# Unsupervised learning used in the context of exploratory data analysis (module 1 of the CAS in advanced machine learning, university of Bern)

## Credit:
#### Data:
Dr. med. R. Gonzenbach (neuro-rehabilitation clinic Valens) was so generous to provide the data for this analysis. 
#### Feature extraction and data aggregation:
Feature extraction from the raw data (data from movement sensors worn by patients) was performed by an algorithm developped at EPFL by Gaëlle Prigent et al. (2023): 
https://link.springer.com/article/10.1007/s11517-023-02826-x

## Description of the data and the project: 
#### Data recording and aggregation:
The present data are aggregated data from movement sensors worn by patients that underwent neuro-rehabilitation treatment. The walking detection algorithm identified walking bouts. Then average descriptors of the walking bouts such as mean speed, mean stride length etc. were calculated per patient before and after neuro-rehabilitation treatment. The raw data was recorded on several days for periods of 12 hours but only segments of 8 hours (starting from the first movement detected) were provided in order to have the same data length for all patients. 
For details see Gaëlle Prigent et al. (2024): 
https://jneuroengrehab.biomedcentral.com/articles/10.1186/s12984-024-01383-0

Data from different days were pooled for each patient to mean values and standard deviations of the variables in question (speed, stride length, cadence, walking bout time, etc). For the present project I only use these aggregated variables (no raw data).

#### Objective
The goal of this project is to assess if movement patterns changed over the course of the from morning to evening. While machine learning is unlikely to be necessary or useful for the final analysis, it can be useful in data exploration. I use k-means clustering here, to see if there are any interesting groups of patients sharing interesting characteristics. 

In [None]:
import pandas as pd
import numpy as np
import scipy.io as sio
import os
import re
import matplotlib.pyplot as plt
import source.transform_data as trs
import source.check_data as chd
from pathlib import Path
from scipy.cluster.hierarchy import dendrogram, linkage
from scipy.spatial.distance import pdist
from sklearn.cluster import AgglomerativeClustering 
from sklearn.cluster import KMeans 

from sklearn.pipeline import Pipeline
from sklearn.preprocessing import StandardScaler
from sklearn.compose import ColumnTransformer

## Load data:

In [None]:
path_to_data = Path('Data')

In [None]:
data_wide = pd.read_csv(path_to_data/'data_table_wide.csv', index_col=None)

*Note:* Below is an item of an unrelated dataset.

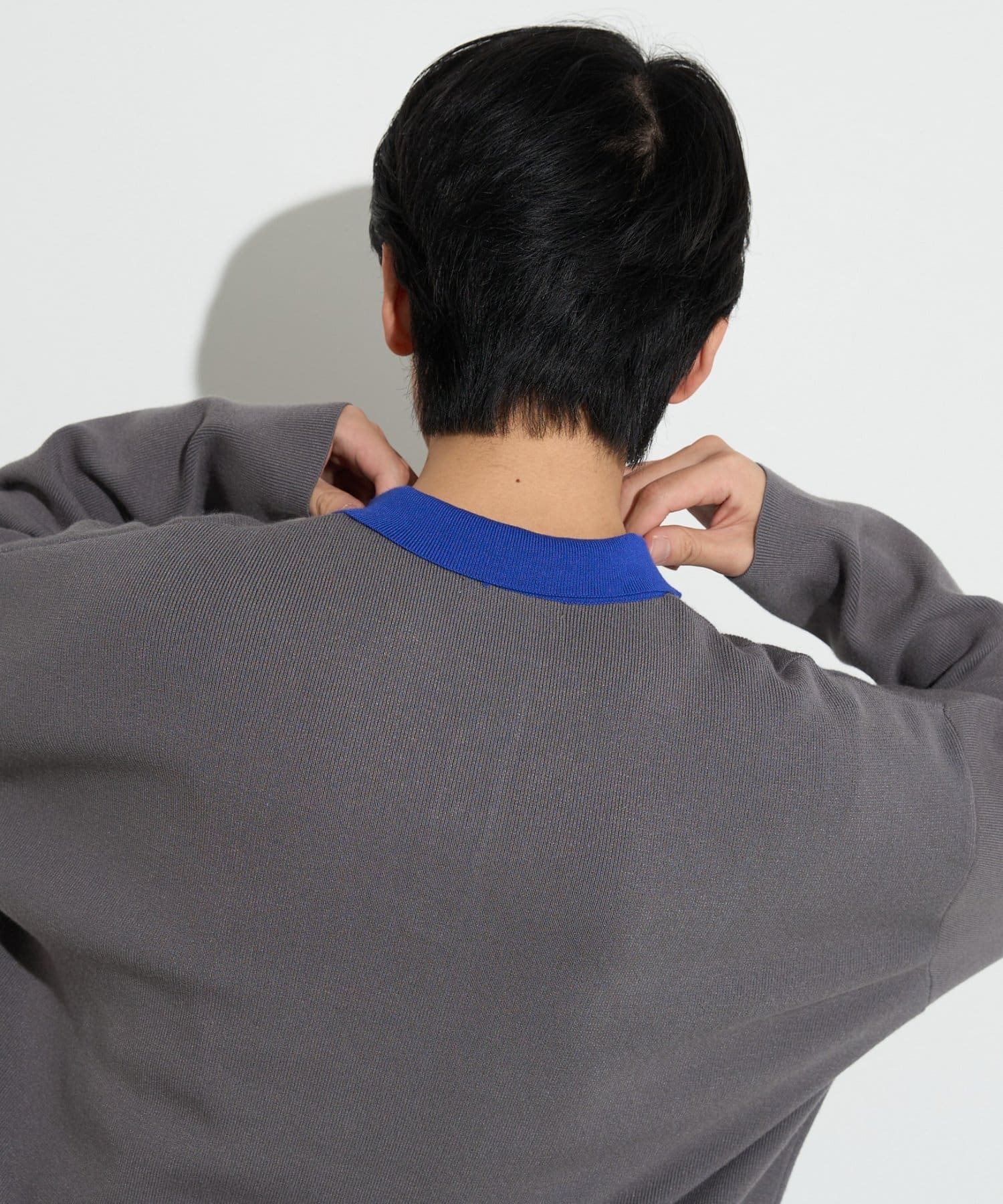 スウェットライクなニット素材を使用した、リラックス感のある一着です。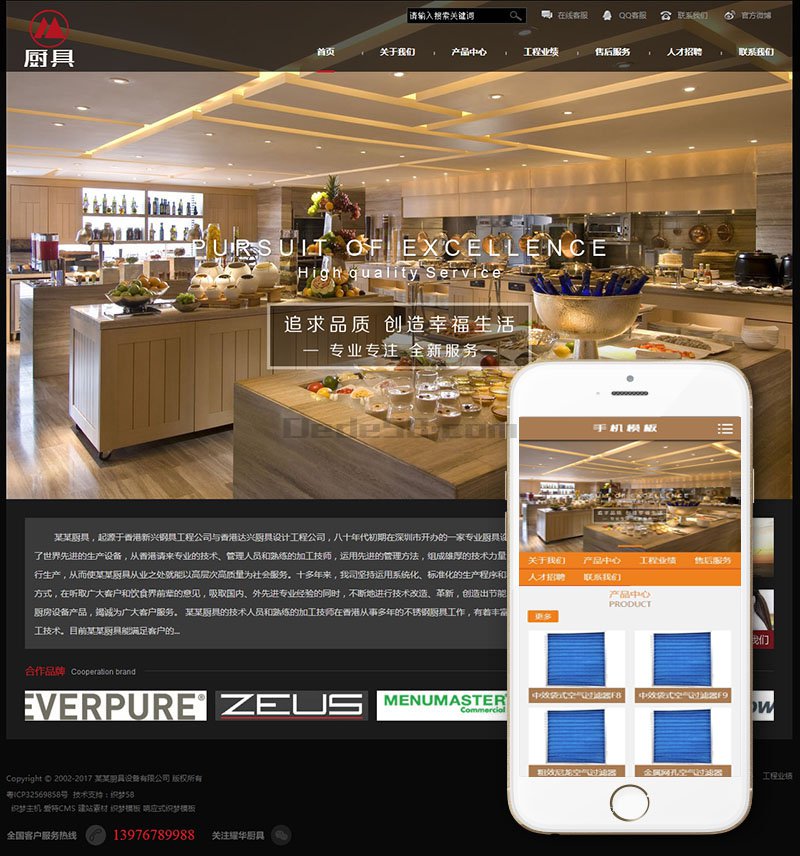 厨具工程设备类织梦模板(带手机端)+PC+移动端+利于SEO优化

#### For every patient (subject) data from two files were extracted. One file contains the data from before neuro-rehabilitation (T2) and one the data from afterwards (T3). The present data frame is in wide format, i.e. every column contains a variable. 

In [None]:
data_wide.head()

### Number of walking bouts before vs after rehabilitation treatment:

In [None]:
data_wide.value_counts('exp_phase_id')

In [None]:
data_wide.value_counts('exp_phase_descr')

### It looks like for most subjects we have measurements during a period of 8 hours:

In [None]:
ax = plt.subplot()
scatter = ax.scatter(data_wide.time_stamps_hours, data_wide.speed_mean, alpha=0.4)
ax.set_xlabel("hours after beginning of recording")
ax.set_ylabel("mean speed during walking bout")

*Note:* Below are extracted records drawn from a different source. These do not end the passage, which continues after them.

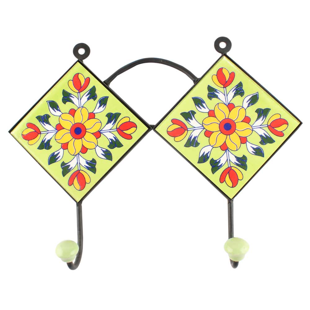 Pea Green Flower Ceramic Tile Wall Hook Online. When Put on Wall or Cabinet It is An Art in Itself. The Metal Part of this Hook is Black Powder Coated.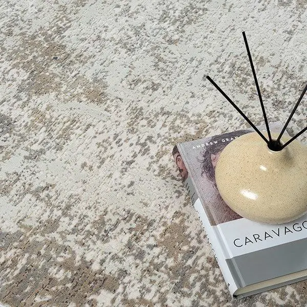 Nowoczesny dywan z abstrakcyjnym, przecieranym wzorem o miękkim, gęstym runie. Delikatne frędzle dodają lekkości oraz dekoracyjnego charakteru tworząc spójną i wyrafinowaną kompozycję.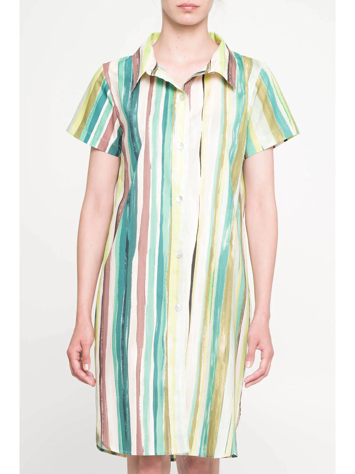 Abito donna in fresco tessuto a navetta di puro cotone. Davanti e dietro in stampa all over righe. Modello con colletto e abbottonatura sul davanti. Interamente apribile. La compattezza del tessuto conferisce freschezza e stile. ABITO IN FANTASIA RIGATA INTERAMENTE APRIBILE MANICA CORTA FRESCO POPELINE DI PURO COTONE LINEA “NATURAL”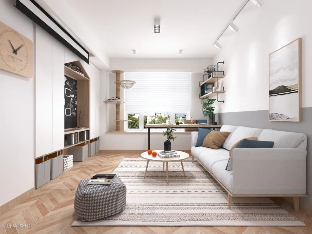 ②客厅电视墙左侧是墙体,把定制柜子嵌入进入,柜子与墙面齐平,大大削弱了衣柜的体积感,增加空间舒适感。

#### Is it appropriate to only consider walking bouts within 8 hours and disregard later walking bouts? 
This is only appropriate if patients did not switch of the movement sensors prematurely. If for every patient we have indeed a measuring period of 8 hours, we could subdivide the 8 hours or recording into two phases of 4 hours each (morning and afternoon). The above plot (as well as the methods section in Gaëlle Prigent et al. (2024) suggests that this is the case. Nonetheless, I shall verify this further: 

### Verify if for every patient there is activity throughout the 8 hours time span:

In [None]:
len(set(data_wide.subject))

#### Assign bins and labels to one hour time spans:

In [None]:
data_wide["time_stamps_bins"] = pd.cut(data_wide["time_stamps_hours"],
                               bins=[0, 1, 2, 3, 4, 5, 6, 7, 8, np.inf],
                               labels=[1, 2, 3, 4, 5, 6, 7, 8, 9])

In [None]:
data_wide["time_stamps_bins"].dtype

#### Count unique patients per time bin:

In [None]:
time_bins = list(set(data_wide["time_stamps_bins"]))
subjects_per_hour = chd.count_unique_subjects_per_hour(data_wide, time_bins)

In [None]:
subjects_per_hour

Hours 4 and 7 had only 42 subjects, during every other hour during the 8 hours time span contains all 43 subjects.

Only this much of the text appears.